1: Making Documents Digital
Documents become more usable through a process called “extraction,” in which computer software performs Optical Character Recognition (OCR). This process scans the image of text and attempts to recognize characters and words, which it then stores as a separate layer of text based on the scanned image. This layer can be thought of as being superimposed on the image – while the human eye understands a picture of the word “Uzbekistan,” the computer uses the translated, invisible layer to recognize “Uzbekistan” as a series of characters that form a word.
This process is largely automated, although the software can be checked and supplemented by a human reader. A fully-automated process is commonly known as a “dirty OCR” because it will often have many typos and errors (letter combinations like “rn” might be transcribed as “m,” for instance.). The initial OCR text translation is usually around 70 or 80 percent accurate, and often needs human review. It is important to recognize that when performing searches within OCR’d documents the search is not necessarily comprehensive. If a word was not properly recognized or translated by the process, a computer search will not find it (even if a human reader will correctly recognize the word). From here, the image and “dirty OCR” can be reviewed by a human reader to improve its translation accuracy.

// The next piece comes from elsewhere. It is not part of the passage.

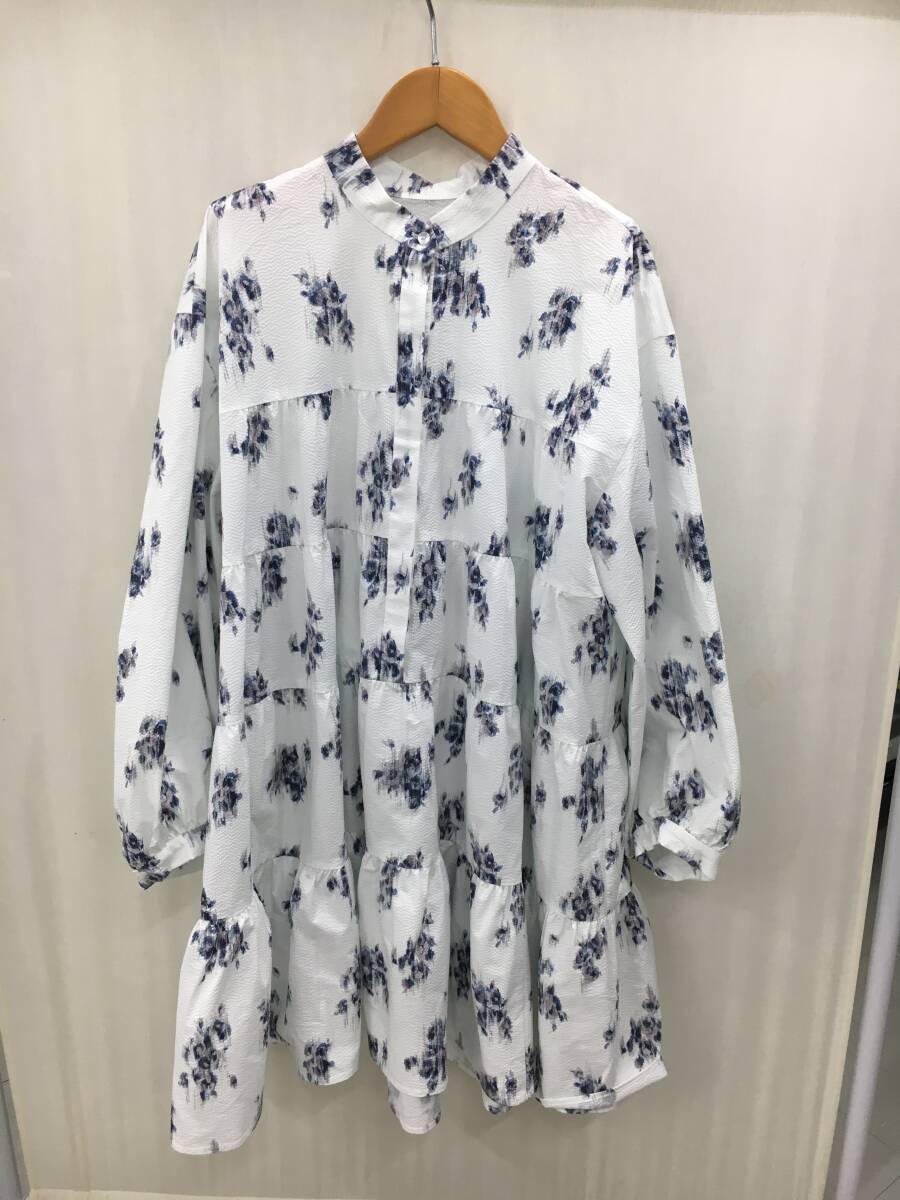 - リランドチュール Rirandture ワンピース 花柄 ティアードワンピース 8分袖 サイズ2 白×紺花柄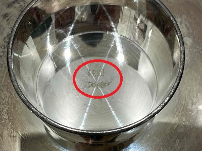 杯の高台(器の底に付いている台)の裏を確認したところ、純銀(SV1000)の刻印を確認できました。

April 8, 2011: Digitization & Archives
Host: Glen Worthey
I really liked Glen Worthey’s seminar. What interested me the most from his talk was the enormous potential that we have to address questions in the humanities using hundreds of thousands of digitized books, changing the concept from working with a well defined object “a book” to a collection of objects “a corpus of books”. In addition, it allows us to quantify the usage of “words” : using a corpus of books, we can ask about the relevance of certain words, word patterns, word uses across different periods of time or languages, etc. This is an invaluable tool that provides us with “writing tendencies” at different times of human history. As commented during the seminar, ngram viewer by google provides this service using million(s) of digitized books in seven languages (and several categories of English: American, British, Fiction, etc). Googles’ ngram is the first giant step towards the use of digitized archives to investigate the use of words in human history.